| PROBLEM TO SOLVE |
Leave every picture out, and print the full listing again exactly.

| GIVEN INFORMATION |

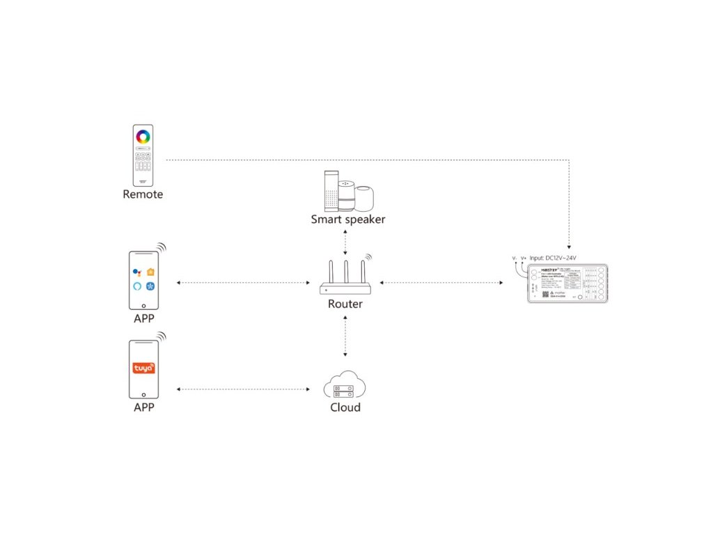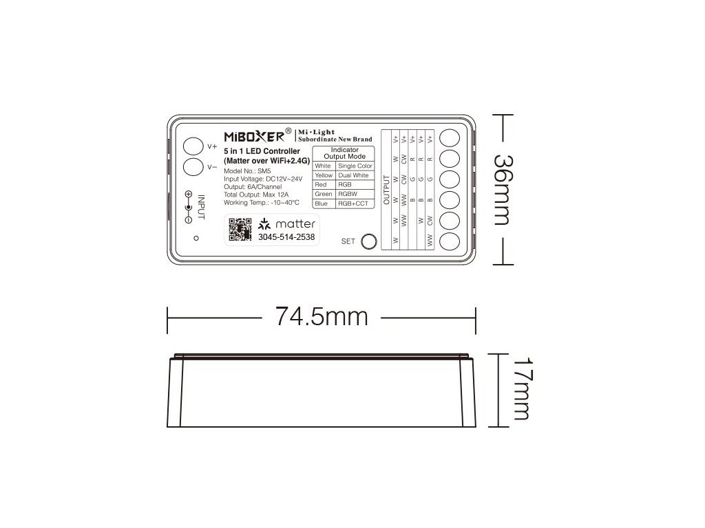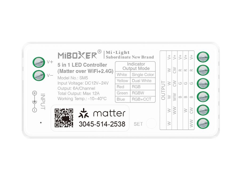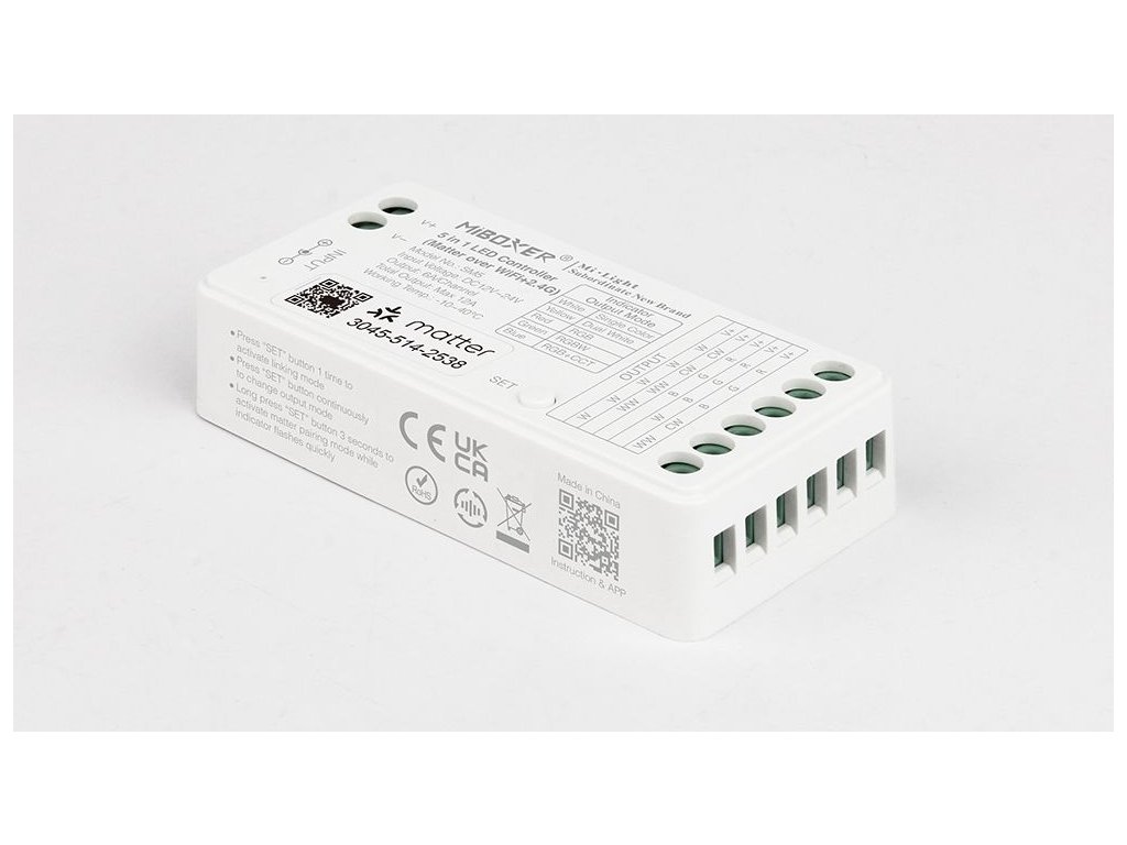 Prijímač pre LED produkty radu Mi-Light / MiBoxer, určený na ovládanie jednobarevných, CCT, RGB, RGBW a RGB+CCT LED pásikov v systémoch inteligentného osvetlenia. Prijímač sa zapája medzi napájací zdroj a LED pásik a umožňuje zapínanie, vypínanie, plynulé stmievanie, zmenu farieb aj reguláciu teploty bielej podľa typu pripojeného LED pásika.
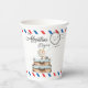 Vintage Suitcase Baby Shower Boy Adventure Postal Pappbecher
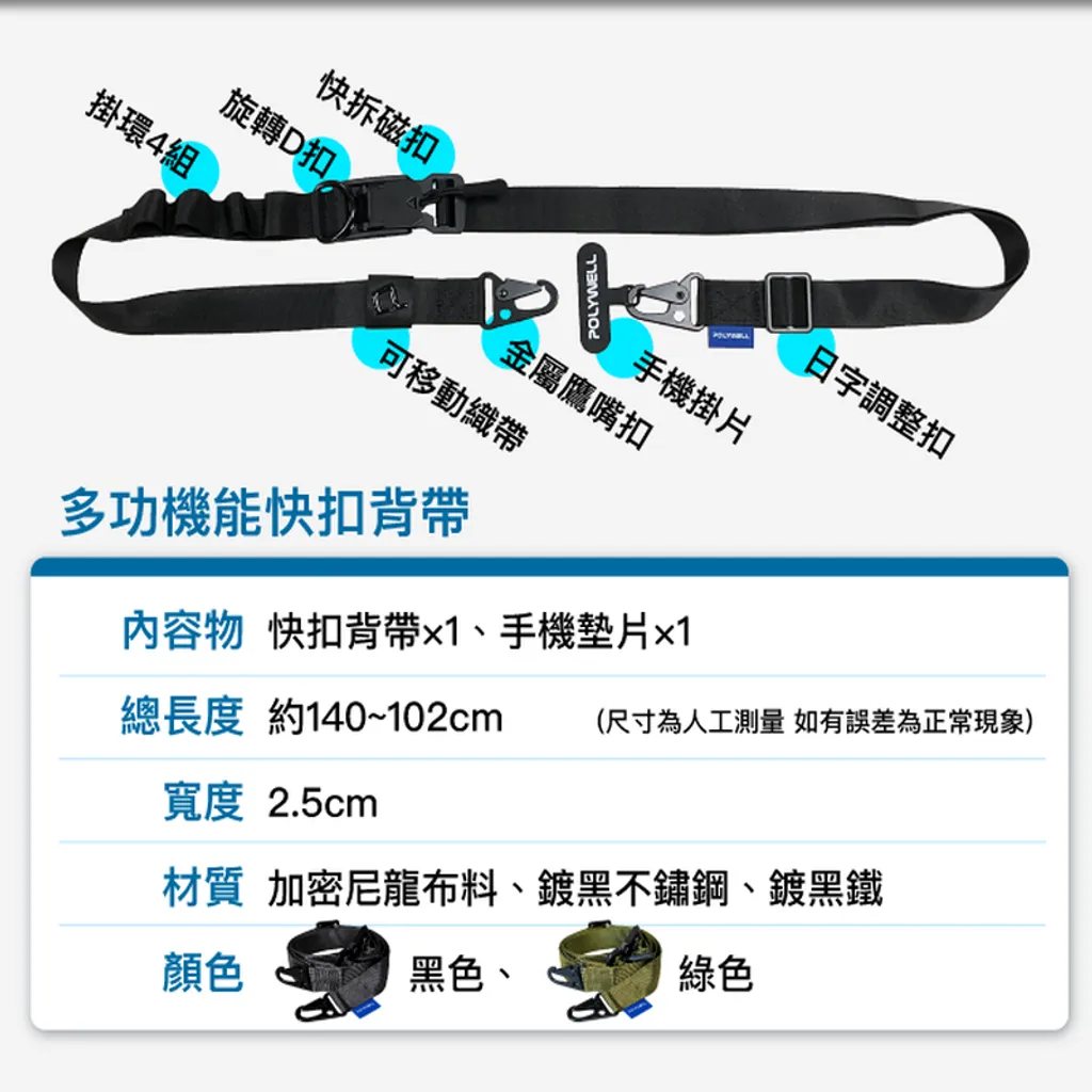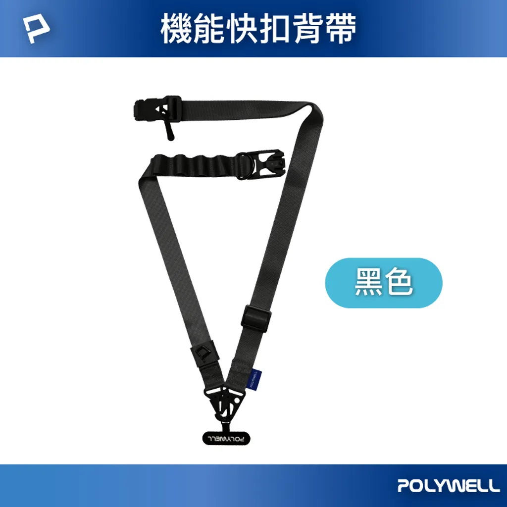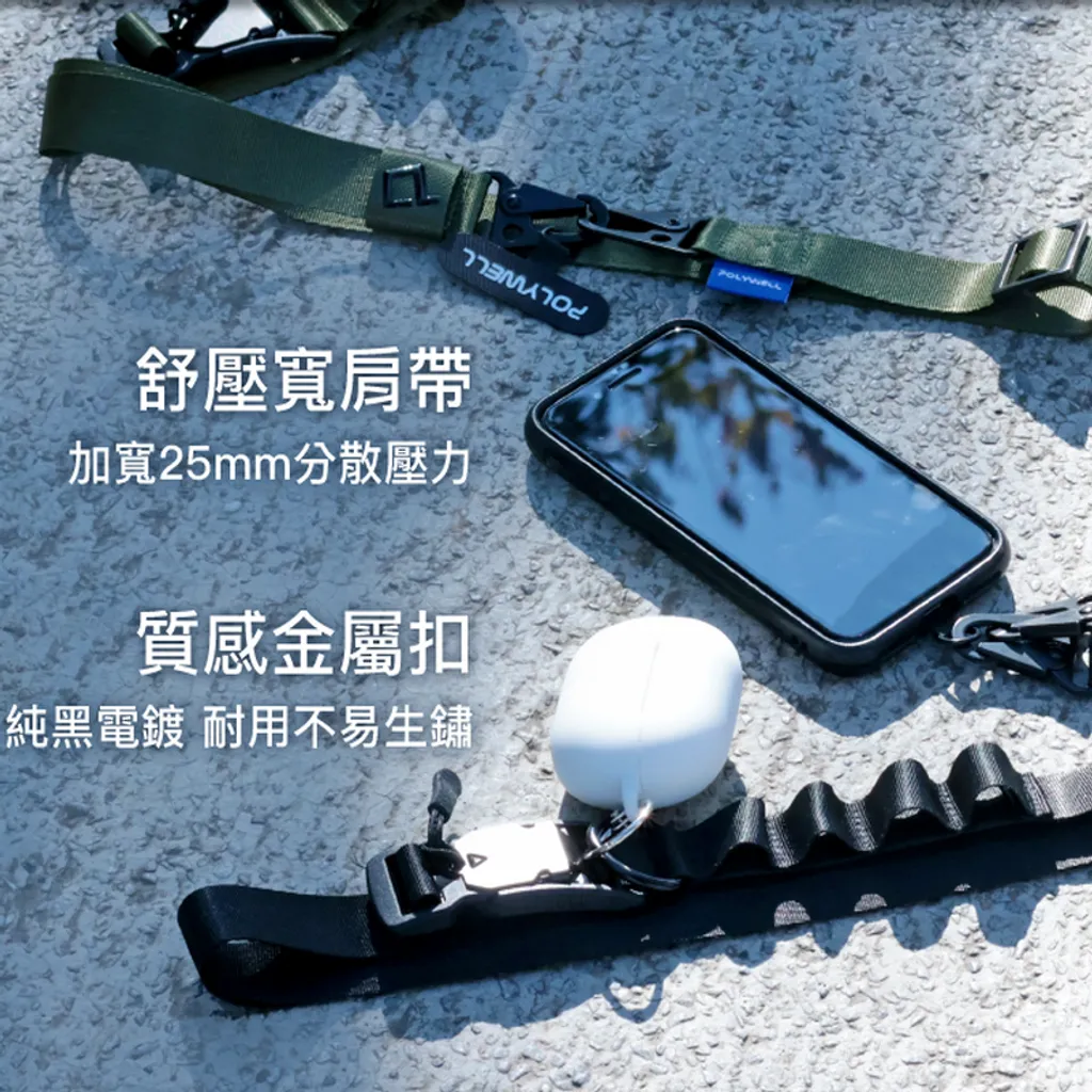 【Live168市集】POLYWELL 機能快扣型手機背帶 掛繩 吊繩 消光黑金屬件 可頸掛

| EXPECTED OUTPUT |
 Prijímač pre LED produkty radu Mi-Light / MiBoxer, určený na ovládanie jednobarevných, CCT, RGB, RGBW a RGB+CCT LED pásikov v systémoch inteligentného osvetlenia. Prijímač sa zapája medzi napájací zdroj a LED pásik a umožňuje zapínanie, vypínanie, plynulé stmievanie, zmenu farieb aj reguláciu teploty bielej podľa typu pripojeného LED pásika.
 Vintage Suitcase Baby Shower Boy Adventure Postal Pappbecher
 【Live168市集】POLYWELL 機能快扣型手機背帶 掛繩 吊繩 消光黑金屬件 可頸掛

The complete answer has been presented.